Tengo muchas cosas raras para el concepto común de la gente, pero muy cómodas para mí. Una de ellas, es la absoluta imposibilidad de escribir en un escritorio: el suelo, una cama, un cajón o cualquier cosa donde apoyar un papel, y entonces las ideas fluyen.
Fui amiga de Augusto D´Halmar. ¡Cómo recuerdo su amistad!. Su charla inimitable, su innato don de atracción, su noble figura envuelta en el nimbo de capitán de un barco imaginario... Augusto D´Halmar; el de la prosa refinada y el corazón ancho.
Un día, en su casa, coloqué unos cojines y me tendí cómodamente sobre la alfombra oriental que cubría el piso de su sala de trabajo. Comencé a escribir... Augusto, fumaba su pipa, y respetó mi inspiración.
Al terminar, le pedí que leyera las semblanzas de amigos comunes que había escrito. Le gustaron, me estimuló a continuar en la tarea y con vil declamatoria, agregó. Decidme, señora, ¿qué os ha inspirado estos recuerdos?.
Contesté: - primero, tu compañía; después, esta preciosa alfombra. Si no te molesta, vendré más a menudo. ¡Me gusta tu casa!.
Augusto ofreció galante: - es tu casa Maria, dispón de ella... y la alfombra te la regalo.

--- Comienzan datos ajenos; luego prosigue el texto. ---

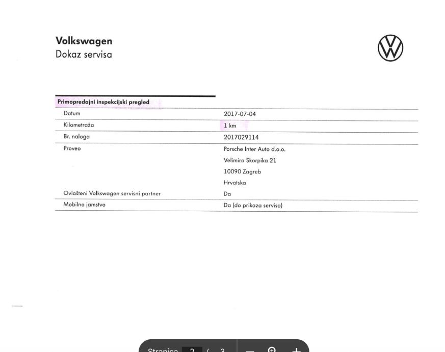 Korišten kao službeno vozilo na ime firme u kojoj sam zaposlenik a nakon isteka leasing-a sam ga otkupio u privatni posjed tako da je sve vrijeme kod mene, u fotografijama primopredajni zapisnik od 1km 2017.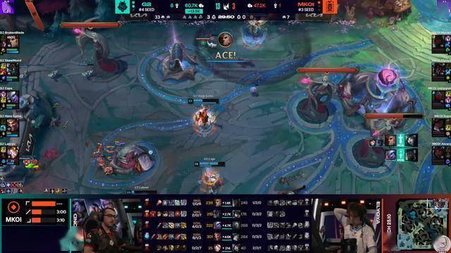 另一边就是Fnatic对战G2,欧洲比较经典的对决,最终G2以3-1轻松获胜。Fnatic和KC落入败者组,胜决就变成了黑马MKOI(也就是以前的MAD)对战G2。今天早些时候结束G2以3-1击败MKOI晋级决赛圈,同时拿到了MSI门票。

Inesperadamente regresé de Valparaíso. En Santiago nos veíamos poco; mis muchas ocupaciones me privaron de ese placer. Su muerte puso luto en mi corazón. Pasado algún tiempo, y por casualidad, llegué hasta la residencia de Eduardo, hijo adoptivo del escritor.
Hablando de muchas cosas, recordando el pasado, surgió nítido su arrogante y fino temperamento. Eduardo me dijo: - tengo en mi poder la alfombra que a usted tanto le gustaba. Permítame, señora Maria, que se la entregue; papá solía llamarla “la alfombra de Maria”.